▶ [Your instructions]
An exact copy of the data is needed, one that excludes all pictures.

▶ [Exercise data]
= = = = =

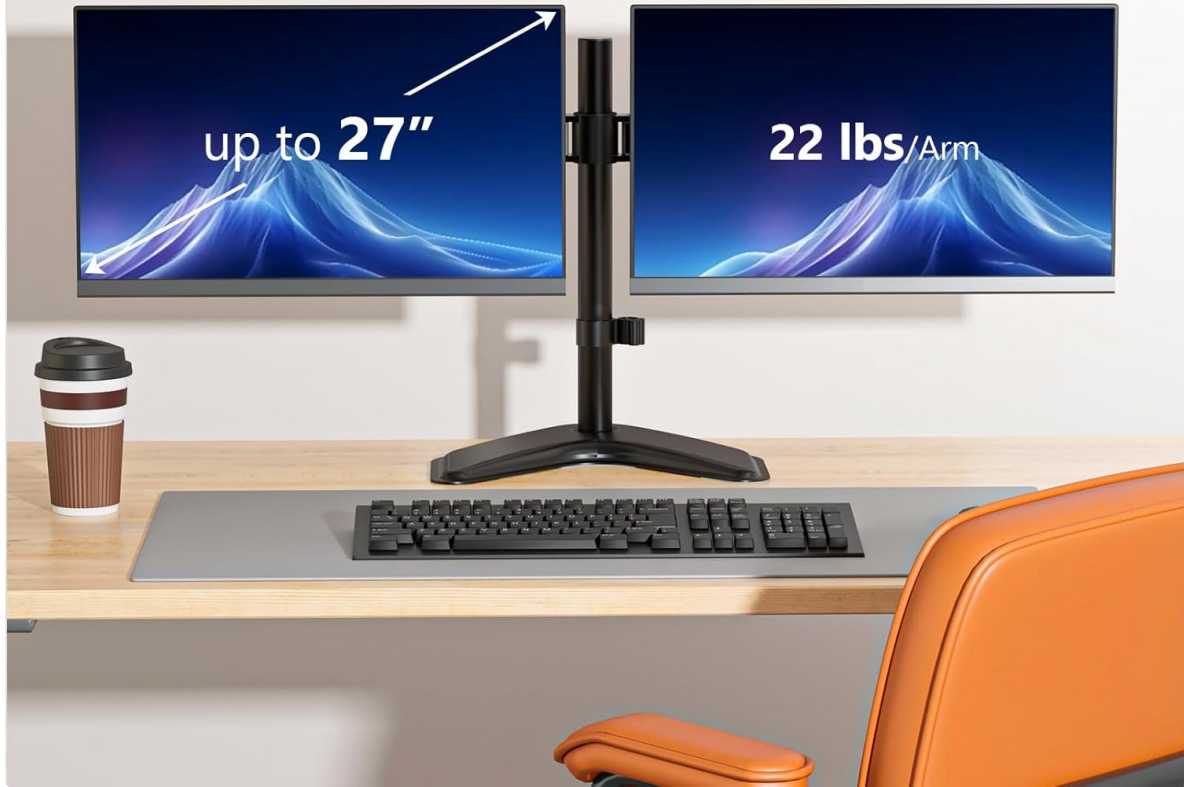
Figure 1: Display Compatibility. Supports monitors up to 27 inches, 22 lbs per arm, with VESA 75x75mm or 100x100mm mounting holes.
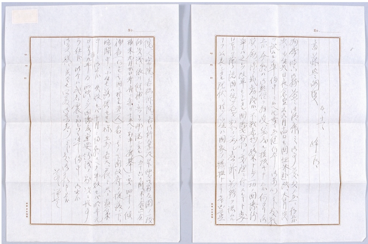
<<Photo 4: SAITO Makoto Papers, Letter #270-3 (held by the Modern Japanese Political History Materials Room, Tokyo Main Library)>>

Responding to Yamakawa's comment "there is no doubt of Japan's win if you run in the election," Adachi harshly wrote on the letter "what a carefree view"; and to "your post will be secured for the future," wrote "that is not necessarily so" (Photo 3). It is obvious that Yamakawa in the letter intended to encourage Adachi. However, having seen diplomatic realism including conflicts of national interests, he might have regarded even the words of encouragement as too optimistic. Adachi wrote in his private letter sent to Makoto SAITO (1858-1936, the 30th Prime Minister) that candidates for judge "are contesting behind the scenes supported by their home governments" (Photo 4).

= = = = =

▶ [Solution for this problem]
Figure 1: Display Compatibility. Supports monitors up to 27 inches, 22 lbs per arm, with VESA 75x75mm or 100x100mm mounting holes.
<<Photo 4: SAITO Makoto Papers, Letter #270-3 (held by the Modern Japanese Political History Materials Room, Tokyo Main Library)>>

Responding to Yamakawa's comment "there is no doubt of Japan's win if you run in the election," Adachi harshly wrote on the letter "what a carefree view"; and to "your post will be secured for the future," wrote "that is not necessarily so" (Photo 3). It is obvious that Yamakawa in the letter intended to encourage Adachi. However, having seen diplomatic realism including conflicts of national interests, he might have regarded even the words of encouragement as too optimistic. Adachi wrote in his private letter sent to Makoto SAITO (1858-1936, the 30th Prime Minister) that candidates for judge "are contesting behind the scenes supported by their home governments" (Photo 4).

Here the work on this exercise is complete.